§ **Task prompt**: Pictures excluded, copy all of the data below exactly.

*** Given material

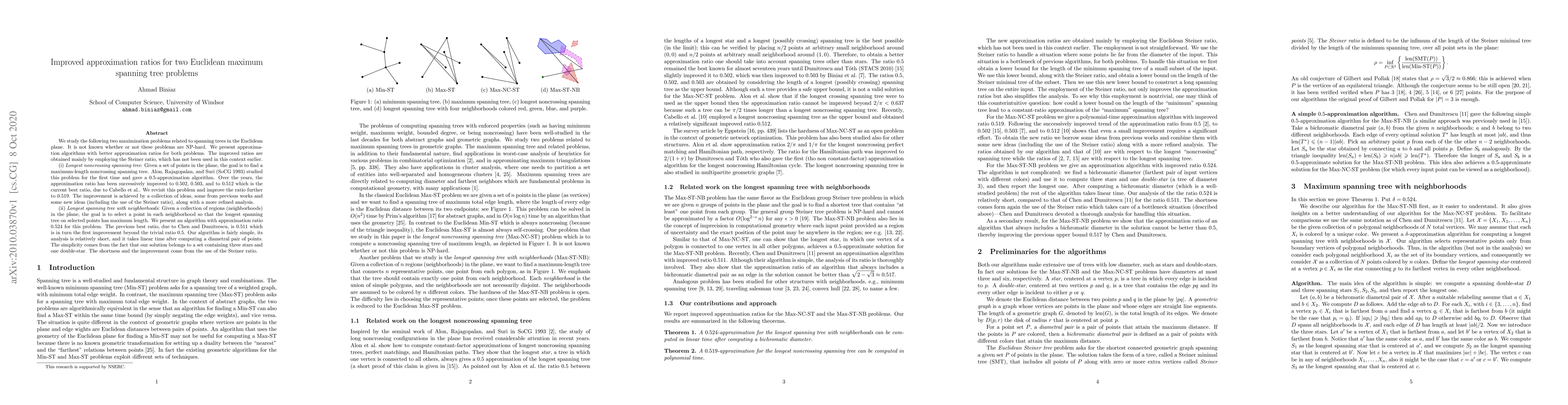 This paper presents improved approximation algorithms for two Euclidean maximum spanning tree problems, achieving better ratios by utilizing the Steiner ratio. The first problem, the longest noncrossing spanning tree, now has a best approximation ratio of 0.519, surpassing previous bests. The second problem, longest spanning tree with neighborhoods, achieves a new ratio of 0.524, improving on the previous best of 0.511.
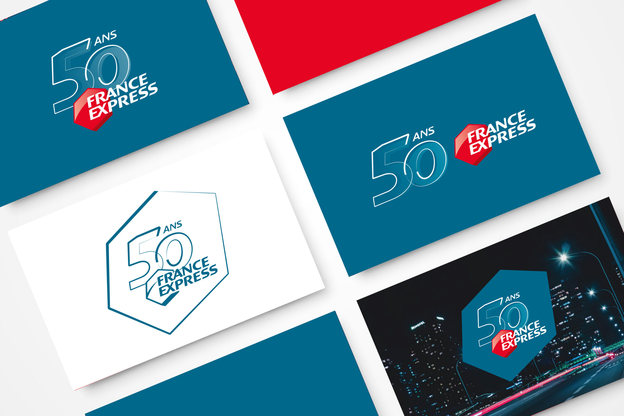 À l’occasion de ses 50 ans en 2020, France Express a souhaité marquer l’événement avec une identité visuelle spécifique. L’agence initiales BB a conçu un logo anniversaire qui célèbre ce demi-siècle d’histoire, tout en respectant les codes graphiques de la marque.
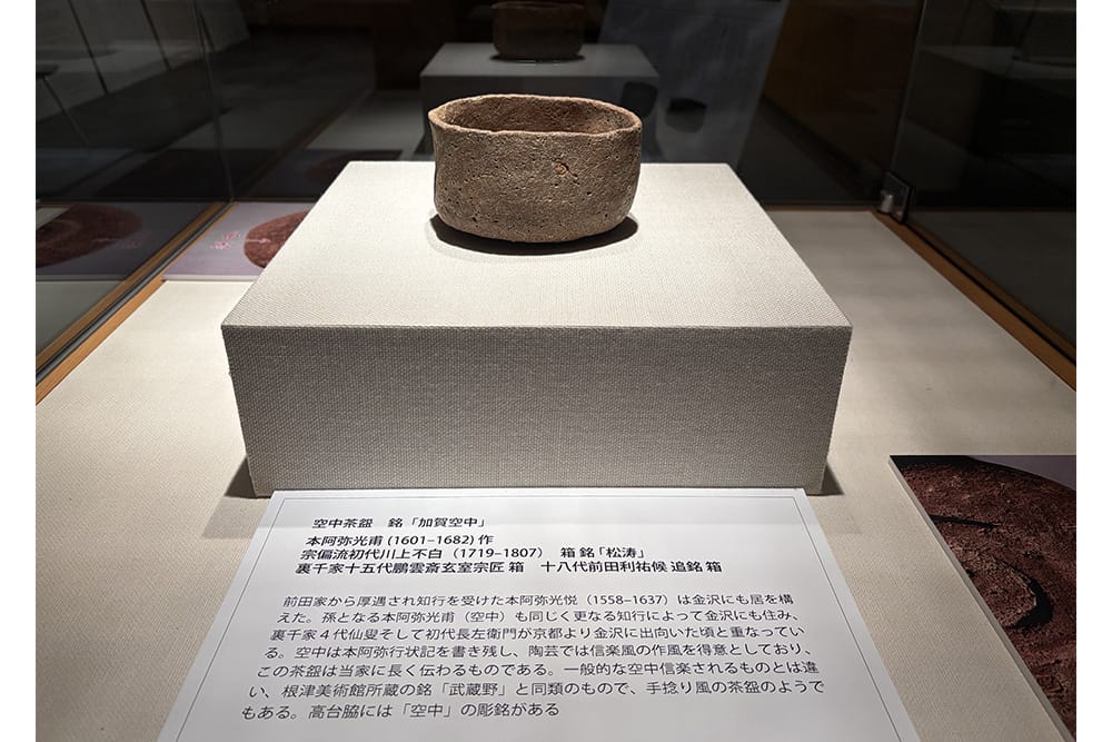 前田家から厚遇され知行を受けた本阿弥光悦(1558-1637)は金沢にも居を構 えた。孫となる本阿弥光甫(空中)も同じく更なる知行によって金沢にも住み、 裏千家4代仙叟そして初代長左衛門が京都より金沢に出向いた頃と重なってい る。空中は本阿弥行状記を書き残し、陶芸では信楽風の作風を得意としており、 この茶盌は当家に長く伝わるものである。一般的な空中信楽されるものとは違 い、根津美術館所蔵の銘「武蔵野」と同類のもので、手捻り風の茶盌のようで もある。高台脇には「空中」の彫銘がある

******

§ **Task solution**:
 This paper presents improved approximation algorithms for two Euclidean maximum spanning tree problems, achieving better ratios by utilizing the Steiner ratio. The first problem, the longest noncrossing spanning tree, now has a best approximation ratio of 0.519, surpassing previous bests. The second problem, longest spanning tree with neighborhoods, achieves a new ratio of 0.524, improving on the previous best of 0.511.
 À l’occasion de ses 50 ans en 2020, France Express a souhaité marquer l’événement avec une identité visuelle spécifique. L’agence initiales BB a conçu un logo anniversaire qui célèbre ce demi-siècle d’histoire, tout en respectant les codes graphiques de la marque.
 前田家から厚遇され知行を受けた本阿弥光悦(1558-1637)は金沢にも居を構 えた。孫となる本阿弥光甫(空中)も同じく更なる知行によって金沢にも住み、 裏千家4代仙叟そして初代長左衛門が京都より金沢に出向いた頃と重なってい る。空中は本阿弥行状記を書き残し、陶芸では信楽風の作風を得意としており、 この茶盌は当家に長く伝わるものである。一般的な空中信楽されるものとは違 い、根津美術館所蔵の銘「武蔵野」と同類のもので、手捻り風の茶盌のようで もある。高台脇には「空中」の彫銘がある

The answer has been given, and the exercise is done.